Thank you so much. Well, currently I have this 25 gal tank, so I am hoping that will last them at least a while because they really do look small in it and i really can't afford a 55 gal tank for a while. And are all four (as long as they are small) okay in my 25 gal tank for now or just one more? At least, until they outgrow it, of which how big would they be to outgrow my 25 gal tank?


----------



## Tazman (Jan 15, 2012)

First of all welcome to the forum.

Am sorry to be the bearer of bad news but they will not work in a 20g tank :-( A 55g or bigger tank would be needed.

Also pop-eyes goldfish should be kept by themselves.

Have a look here for the profile of goldfish.

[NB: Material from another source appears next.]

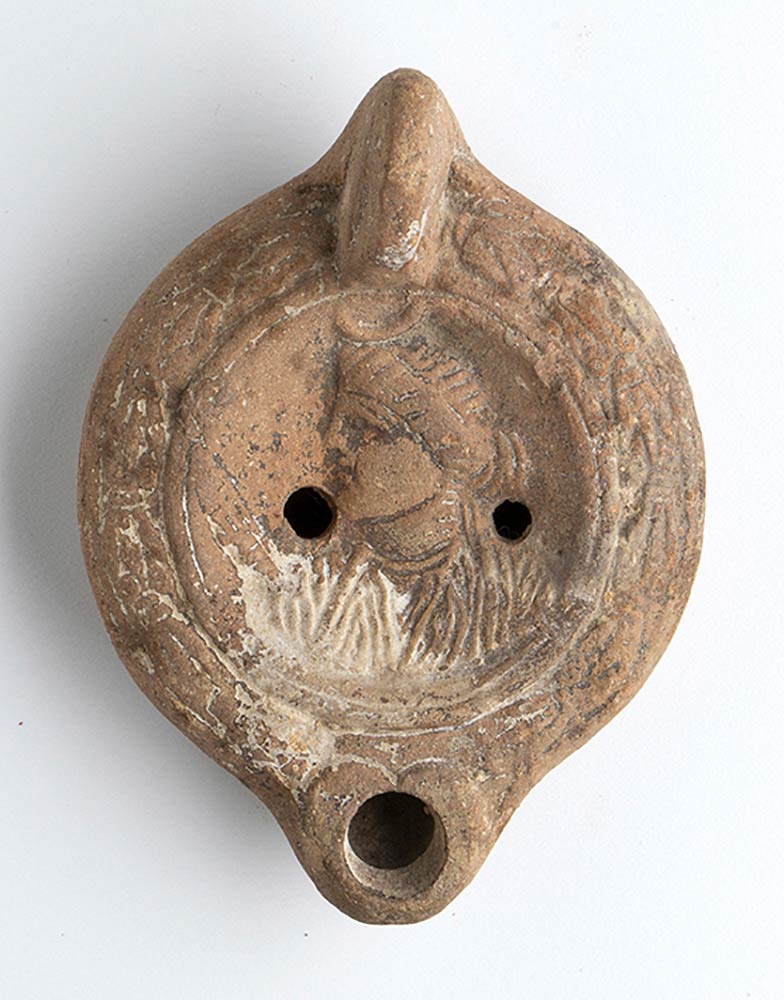 Roman Oil Lamp with Luna, 1st - 2nd century AD; height cm 5, length cm 12
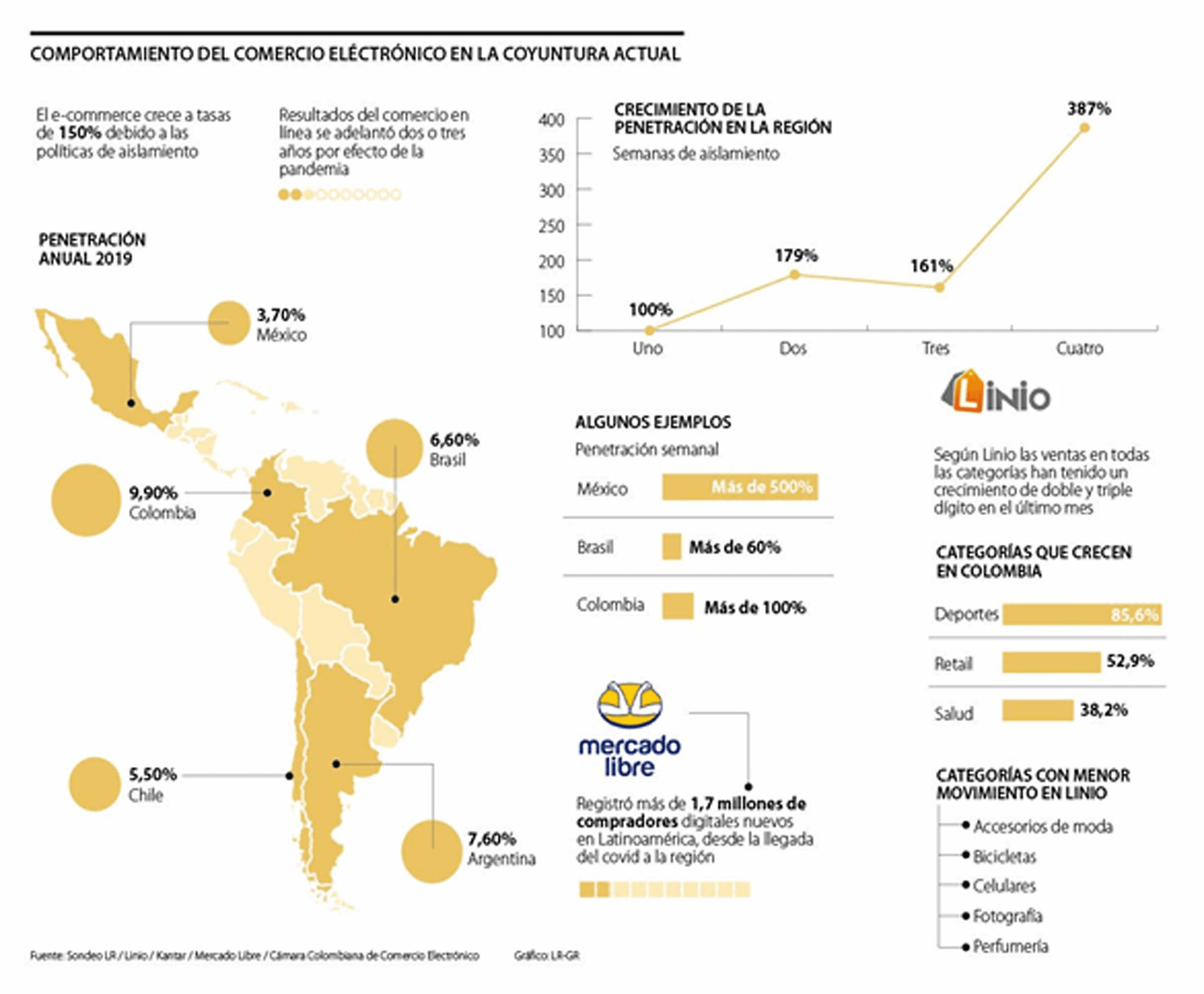El aumento de comercio electrónico explicó el académico de la UCM, significa más ancho de banda. “En Latinoamérica Mercadolibre informó un crecimiento del 300%, o sea, ninguna empresa está preparada para asumir un crecimiento de esa magnitud en un periodo tan corto, ese crecimiento se proyectaba para los próximos años y no para un par de meses. Redbank en Chile informó hace aproximadamente cuatro semanas que el aumento de las transacciones electrónicas vía Redbank subió en un 20% en un mes”, indicó.

Weather Loach is an absolute NO as they need a 75g+ tank and grow to about 9-10".


----------



## thekoimaiden (Oct 19, 2011)

Welcome to the hobby and the forum! It's always nice to have more goldfish keepers around here. Goldfish are some of my favorite fish to keep. I'll try to answer as many of your question as possible. And don't worry about past mistakes. We all made them entering the hobby. What matters now is that you want to correct them and learn from them. 

Startup
If you know nothing about cycling you will want to read this article: http://www.tropicalfishkeeping.com/...inners-guide-freshwater-aquarium-cycle-38617/ You should also look into getting a water parameter test kit. The API masters kit (found at most Petcos and Petsmarts) is one of the best, and most of us here swear by it. Goldfish are very messy so once the tank is cycled weekly pH and nitrate tests are a must. 

Housing
The 25 gal tank is great for right now (by right now I mean maybe a month or two), but upgrading to the 55 gal would be the best option. A 30 gal is the smallest tank a fancy goldfish should be kept in. A 55 gal will also allow you to get another friend as goldfish are social and enjoy being in groups of 3 or more. I currently keep my goldies in a 55 gal and wouldn't dream of keeping them in anything less. 

Tankmates
Plecos are a bad idea. Depending on the species they can get larger than a foot. They are also messy little poop machines like goldfish and will degrade the water quality even more. They also have a tendency to attach to goldfish and eat their slime coats. It is best to leave the pleco to pet store. I had a bad experience with a weather loach and my goldfish. The one that I got liked to eat the slime coats of my fish. But I have heard other people have good experiences with them. Either way I wouldn't get any more fish until you get a larger tank. 

Tank maintenance
I have a 55 gal with 2 goldfish, and I have to change 50% of the water weekly to keep the water parameters good. Until you can upgrade (and once your cycle is done) you should be doing at least 50% water changes weekly. Live plants will help, but only fast-growing ones like hornwort, anarcharis, duckweed, and water sprite (you can click on the highlighted name to see our profile on the plant). Java fern is nice in that it is one of the plants goldfish don't like to munch on, but it's not fast-growing enough to really help with the water quality. You should also do a weekly gravel vacuum. It will help get the goldfish poop out of the gravel. You can buy a gravel vacuum at a local pet store. 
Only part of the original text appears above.